Explain the processes of synaptic transmission, including the role of key neurotransmitters
Neurotransmitters are chemical messengers that transmit signals from a neuron to a target cell across a synapse. including:
Acetylcholine
– Primary acts directly, binding to chemically (ligand)-gated ion channels
– Widespread activity in CNS and PNS
Biogenic amines
– E.g., Noradrenaline, dopamine, serotonin, histamine
– Primarily acts indirectly, G-proteins and second messengers
Amino acids
– E.g., GABA (inhibitory), glutamate (excitatory)
– Can act directly/indirectly, depends on receptor type
– Important activities in CNS – memory, learning, excitation (glutamate); inhibitory effects via opening Clchannels, opening K+ channels, blocking entry of Ca2+ (GABA)
Neuropeptides
– E.g., Substance P, opioids
– Acts indirectly, G-proteins and second messengers
– Important in pain pathways
Differentiate between excitatory and inhibitory stimuli at the postsynaptic membrane
The main difference between excitatory and inhibitory stimuli at the postsynaptic membrane is the effect they have on the likelihood of a postsynaptic action potential occurring:
Excitatory postsynaptic potentials (EPSPs)

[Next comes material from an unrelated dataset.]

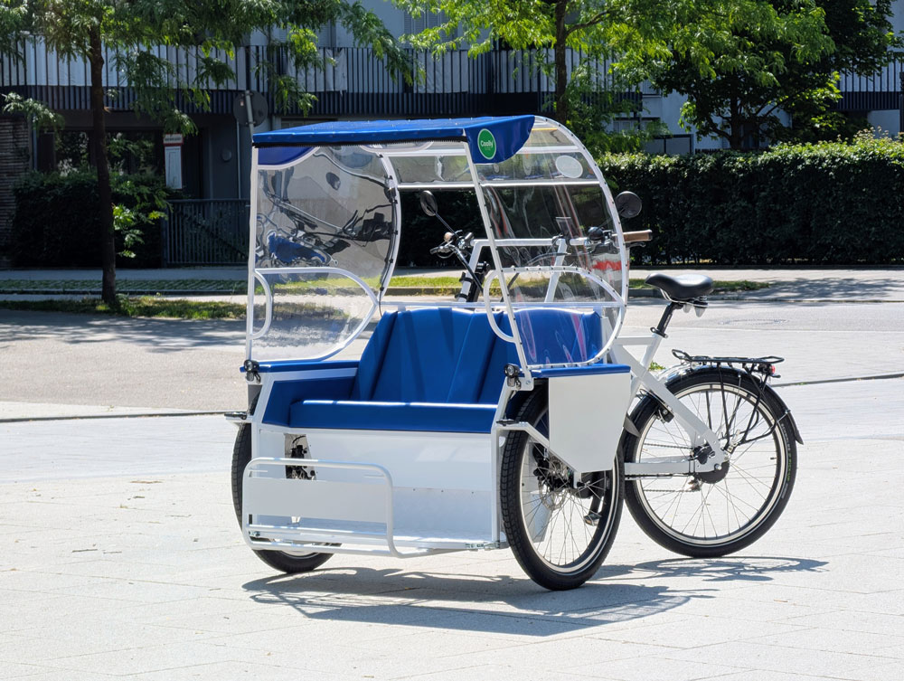 »Als Heimleitung einer karitativen Einrichtung war ich auf der Suche nach einer E-Rikscha für unsere Bewohner. Bei meiner Recherche bin ich auf Coolly in München gestoßen. Aufgrund der positiven Bewertungen haben wir das Coolly direkt online bestellt. Abwicklung des Coolly-Teams war erstklassig. Immer schnell, klar und zuverlässig. Finanziert wurde das Coolly von unserem Träger: Zuerst wurde ein Angebot erstellt und dann kam es zur Bestellung. Ich habe das Coolly mit individueller Farbkonfiguration und Branding bestellt. Die Lieferzeit war zügig. Es kam auf einer Palette an, sorgfältig verpackt. Seitdem erfreut es unsere Heimbewohner und inzwischen auch Gäste von außerhalb. Ich kann Coolly ohne Einschränkung weiterempfehlen! Weitere Heime unseres Trägers haben aufgrund unserer Empfehlung bestellt. Toll ist auch das neue Blinkersystem, das mehr Komfort bietet. Abbiegen mit Handzeichen ist bei der Lenkung des Coollys sonst eine Herausforderung.«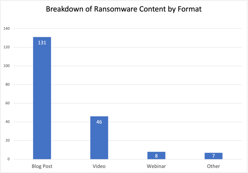 That blog posts are so heavily favored when discussing ransomware is not surprising—nor is it necessarily a bad thing. Blogging has long been an effective content marketing tool for B2B companies, and given the spike in interest picked up by Google, publishing ransomware-related blog posts seems like a sensible way to drive website traffic.

Increase the likelihood of an action potential. This happens when sodium channels open, causing the cell’s membrane potential to become more positive or depolarize.
Inhibitory postsynaptic potentials (IPSPs)
Decrease the likelihood of an action potential. This happens when chloride channels open, causing the cell’s membrane potential to become more negative or hyperpolarize.
EPSPs and IPSPs compete with each other at many synapses of a neuron. The outcome determines whether an action potential at the presynaptic terminal produces an action potential at the postsynaptic membrane.
Excitatory neurotransmitter receptors are clustered distally in the dendrites, while inhibitory receptors are closer to the cell body.